Gubernur Sumut: Penambahan Modal Tidak Harus Tunai, Bisa Berupa Aset
Gubernur Sumatera Utara (Gubsu) sekaligus pemegang saham pengendali, Muhammad Bobby Afif Nasution, dalam rapat tersebut menegaskan bahwa Pemerintah Provinsi memahami tantangan fiskal yang sedang dialami banyak daerah.
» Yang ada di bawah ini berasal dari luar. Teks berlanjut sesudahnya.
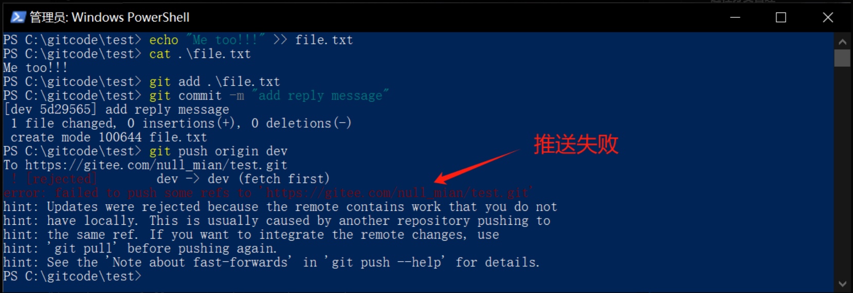 Push URL: git@gitee.com:null_mian/test.git

Karena itu, opsi penyertaan modal dalam bentuk tunai dianggap tidak selalu memungkinkan.
“Kami memahami kondisi keuangan daerah hari ini sedang ada penyesuaian. Karena itu kami meminta agar penambahan modal diperbolehkan tidak dalam bentuk uang, tetapi berupa aset yang bisa dinilai oleh Bank Sumut dan OJK. Dan tadi disepakati, hal itu diperbolehkan,” tegas Bobby.
Bobby juga menyampaikan bahwa mekanisme inbreng memberi ruang bagi pemerintah daerah untuk tetap memenuhi kewajiban penyertaan modal tanpa membebani arus kas daerah.Dorong Penguatan KBMI Bank Sumut
Penyertaan modal dalam bentuk aset dinilai menjadi solusi untuk mempercepat pemenuhan kebutuhan modal Bank Sumut. Langkah ini penting untuk menjaga peningkatan kelas Kelompok Bank Modal Inti (KBMI).
Saat ini Bank Sumut berada pada kategori KBMI 1. Dengan penguatan permodalan yang berkelanjutan, bank daerah ini diharapkan lebih kompetitif dan adaptif menghadapi dinamika sektor keuangan.
Keputusan Rapat: Penyertaan Modal Lewat Aset Disetujui Bulat
Rapat yang digelar di Ruang Rapat Direksi Lantai III Gedung PT Bank Sumut dan dihadiri Bupati/Wali Kota serta para perwakilan pemegang saham se-Sumatera Utara menghasilkan keputusan penting terkait penguatan struktur permodalan perseroan.
Sebanyak 33 pemegang saham secara bulat menyetujui bahwa opsi penyertaan modal tidak lagi wajib berbentuk uang tunai, melainkan dapat berupa aset (inbreng) yang memenuhi standar penilaian Bank Sumut dan Otoritas Jasa Keuangan (OJK).
Also Read:Opsi tersebut dipilih sebagai respons atas tantangan fiskal yang dihadapi banyak pemerintah daerah.
Dalam rapat itu, para pemegang saham juga menyetujui pengangkatan sejumlah pejabat baru di tubuh Bank Sumut sebagai bagian dari langkah penguatan tata kelola perusahaan.